Edit: Whenever I try to understand the meaning of explicit an implicit solvers, the notes and other resources always explain them using a (transient) time-varying equation. According to such resources For a transient equation if the solution for the next time step is given in terms of current time step values (which we already know, either by initial condition or by previous calculation) it is called as an Explicit solution, and it could be solved for directly without forming a system of equation. If the solution for next time step value is given in terms of current time step values (which we know) and next time step values (which we don't know) it leads to an implicit solution and this gives us a system of equations which is solved for by iterative solvers.

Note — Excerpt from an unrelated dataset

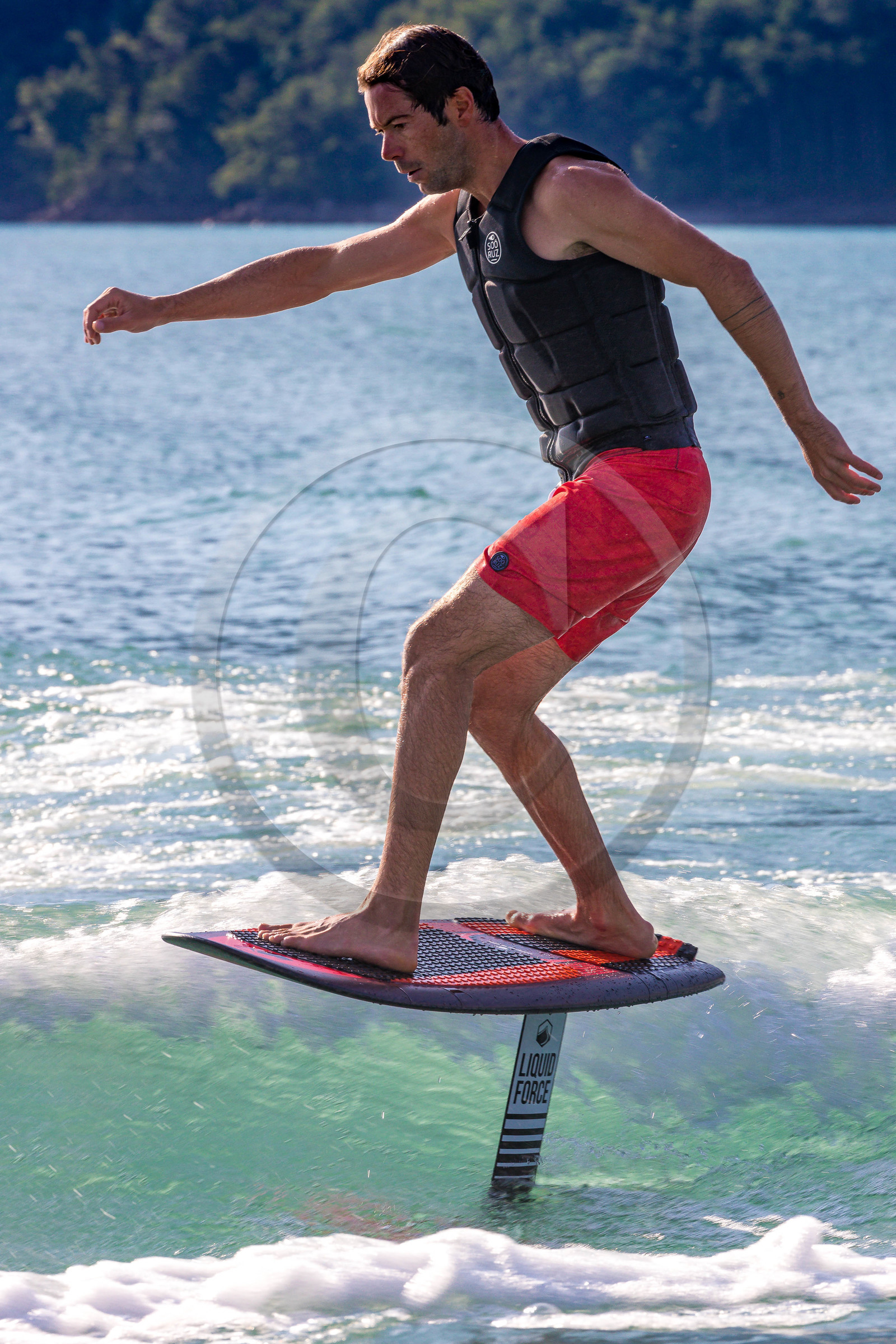 Description | Hautes-Alpes (05), Chorges, lac de Serre-Ponçon, Baie Saint-Michel, activité nautique, Nautic B, Surf Foil |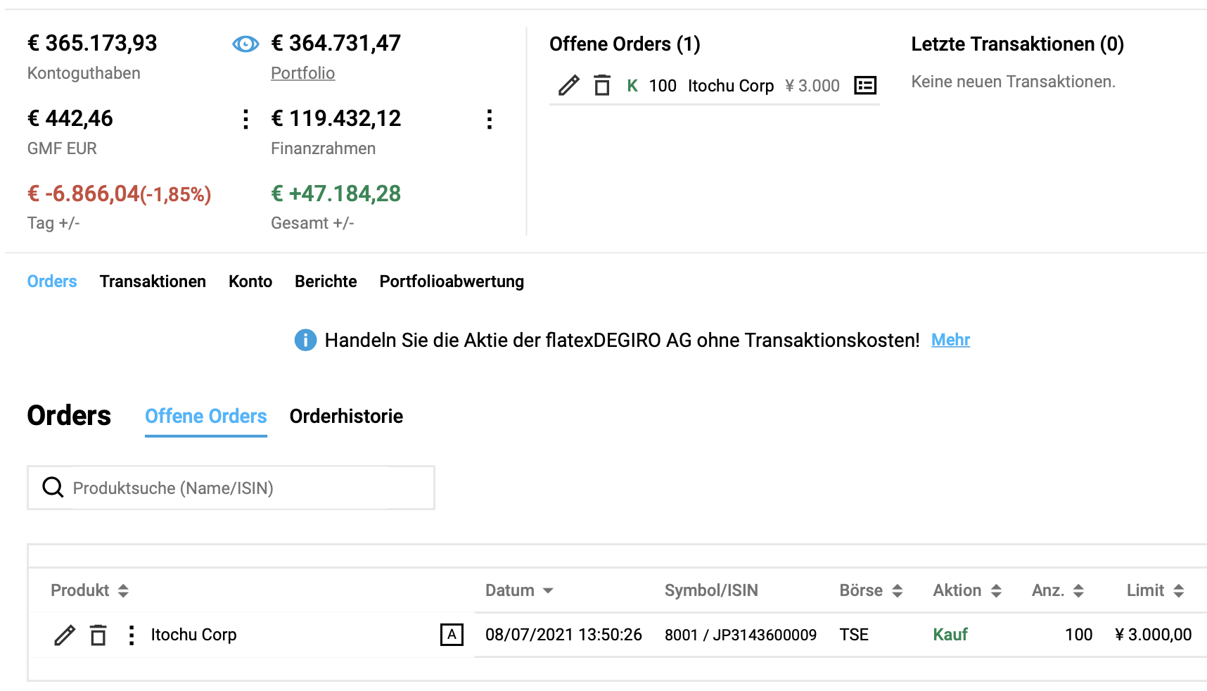 Aktuell korrigieren die Börsen etwas – daher habe ich eine bereits vor längerem geplanten Kauf von Itochu wieder aktiviert:

My confusion is, if we take a steady state equation there are no time steps involved (so there is no current and next time step) so what would be an explicit and implicit solution? and why would an explicit solution require an iterative solver as they can be solved for directly?


1 Answer 1


A non-iterative solution for steady-state heat flow must be implicit. You are solving for the temperatures "everywhere" in the structure in a single "step", so every boundary condition must affect the entire temperature distribution in the equations you are solving.

Iterative solutions for steady-state conditions can be either implicit or explicit. You can think of each iteration as defining some sort of time increment, and calculating how the temperature distribution changes from the initial guess to the final steady state conditions. Implicit methods are likely to converge faster, but explicit methods will work and have some advantages - for example, it is much easier to program an implicit method on a massively parallel computer system like a GPU with hundreds or thousands of cores.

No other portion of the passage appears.